I used og pretrain and contentvc

willow rivet
#

it doesn't increase voice likeness

gleaming crater
#

Oh ok that does make since it would only make it sound more high bitrate

willow rivet
#

you're talking about the spin embedder, i've heard the wavlm version of spin does increase the likeness more but i havent tried

gleaming crater
#

But i am wondering if SPIN and doing a klm train would increase likeness

#

Yeah

gleaming crater
#

Can you tell me what someone means by custom pretrain

#

The most recent juice wrld model says recent pretrain and the dude told me he used klm

#

Yeah that's a moderate improvement you sent

#

Im just confused wth mrf hifigan etc are its so confusing

willow rivet
#

when you're doing your regular rvc model you're doing something named finetuning

gleaming crater
#

Yes I know what they are and why they are used

#

Because training an entire model yourself would be extremely hard amd long

willow rivet
gleaming crater
#

I see

#

So is klm a pretrain and is it including hifigan

willow rivet
#

so mrf hifigan, refinegan, they're vocoders

gleaming crater
#

And how does spin factor into the equation

willow rivet
#

vocoders are the thing that clone sounds

#

spin is a embedder, is the thing that extracts every phoneme found in the dataset

gleaming crater
#

Ok is applio using contentvc

willow rivet
#

"oh your dataset is in english, okay, lemme extract every phoneme for u"

gleaming crater
#

I see

#

That makes sense

#

Spin wouldnt make a large difference then huh

willow rivet
#

during inference, the model uses the phonemes extracted by the embedder

willow rivet
#

you see, cvec is quite old

#

and is not robust towards noise at all

#

actually it despises it

#

spin in the other hand, is newer and is robust towards noise

#

this translates in your model having more natural breaths

#

less ocurrences of robotic breathing

gleaming crater
#

That makes sense

#

So KLM is what then?

#

Just implementation of the spin

willow rivet
#

klm is a pretrained model, 800 hours worth of info

gleaming crater
#

I see so klm is a better pretrain for singing?

#

As it includes more singing data

willow rivet
#

yes it's better for singing, og pretrain can't sing

gleaming crater
#

And spin can improve vocal breaths and tics and reduce pops

#

Ok so my model might be shit since im using og pretrain for singing and complex melodies?

gleaming crater
willow rivet
#

these are the voices of each pretrain

#

when you're training a model, you're trying to change those voices

gleaming crater
#

So would you just use klm 6.3 to train a model for singing/rapping now and use spin or not since its only 32k

#

Bc my dataset is super high quality 48khz

willow rivet
gleaming crater
gleaming crater
#

I like to maximize bitrate if possible to maximize data grab

willow rivet
#

i'd recommend klm 4.9 and cvec, with multiscale on

#

for singing

gleaming crater
#

I see so you can train with myltiscale or is it only used in the conversion?

willow rivet
#

you can easily hide the issues caused by multiscale during vocal mixing

gleaming crater
#

Any reason for 4.9 and not 6.3 etx

gleaming crater
willow rivet
willow rivet
#

thats why multiscale sounds cleaner

#

the model actually does something above 12khz

gleaming crater
#

I used applio 3.2.8 bug fix to train

willow rivet
gleaming crater
#

Maybe my standards went up but can you look up the most recent juice wrldmodel in the discord?

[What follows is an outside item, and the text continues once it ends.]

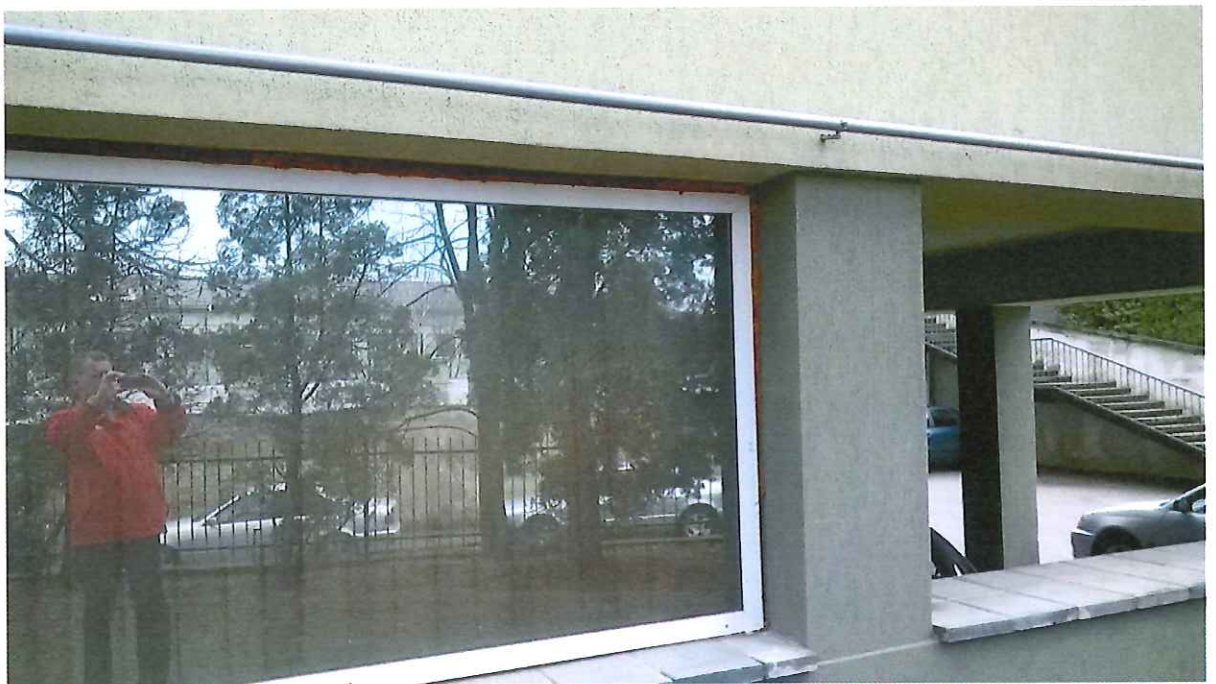
15 pav. Neuždengtos sandarinimo putos

See how it says custom pretrain? I am wondering what that means also it sounds really good in comparison to my model it had 20 mins of data, my model.

willow rivet
gleaming crater
#

Thanks btw @willow rivet for the help

willow rivet
#

Gans are very unstable when training with small datasets

gleaming crater
#

Fuck man is there any easy way to clean data set bc I had to manually clip shit, it seems spin would save my ass from having to go through it manually for 5 hours

willow rivet
gleaming crater
#

Holy shit

#

Rip my life

willow rivet
gleaming crater
#

I lowkey could just download others but tbh I am nervous about someone trojaning a pth model on here

#

Especially since they are running locally

#

Is that data set you sent pushing boundaries it still sounds crunchy on multiscale

willow rivet
#

rvc-boss (the author of rvc) recommends 10 mins because thats when the results starts to be more consistent

#

below 10 mins every result is so random and unstable

#

but realism in models start to hit in the 2 hour mark

#

the pretrain is around 50 hours long (cant remember exactly, it's the vctk dataset)
so maybe for finetuning the max amount you can train is 50 hours (i may be wrong)

#

the more data u add, the model knows better how to reproduce stuff

willow rivet
#

using a "hack" that forces him to sing

#

it's normal for models to sound weird if you inference stuff too different from what they learned (which is also why you want to have a big and diverse dataset, to cover different situations better)

#

it's not a multiscale problem but a dataset problem

gleaming crater
willow rivet
#

but if both quality and voice are consistent, everything should be fine

gleaming crater
#

Like keeping dataset length the same, one is from a slow song and another has different songs combined wkuldnt the more diverse set output better results and less artifacting

willow rivet
#

yea rvc kinda knows how to do that

willow rivet
#

instead of using the low notes from the start*

#

if you really want the best voice likeness, train a big dataset where the voice is super consistent and the person is using their whole vocal range

#

smaller datasets tend to sound a bit different from the og voice due to rvc using the knowledge of the og pretrain more

#

and as you know, the voice of the og pretrain is a deep voiced woman

#

so like sometimes when the model doesn't know how to do X stuff, it'll use the pretrain knowledge instead, the woman voice you've heard before

#

rvc boss added the index file to try to fight that

#

forces the model to use the dataset's phonemes

gleaming crater
willow rivet
#

thats a very hard task

#

no one gonna do that for free lol

willow rivet
#

with bigger sets you rely less on the pretrain's voice/knowledge, so everything feels more natural and accurate to the dataset

gleaming crater
willow rivet
#

yup vits2 is already a reality

#

there is a github repo with the code

#

but you can't just slap vits2 onto rvc KEKW

#

almost everything has to be redone

#

that would be the real rvc3

#

the embedder spin may be the last major update to be released yt_nails

blissful kelp
limber prism
# willow rivet yea, first one is spin (the new embedder), somehow it made the voice way deeper ...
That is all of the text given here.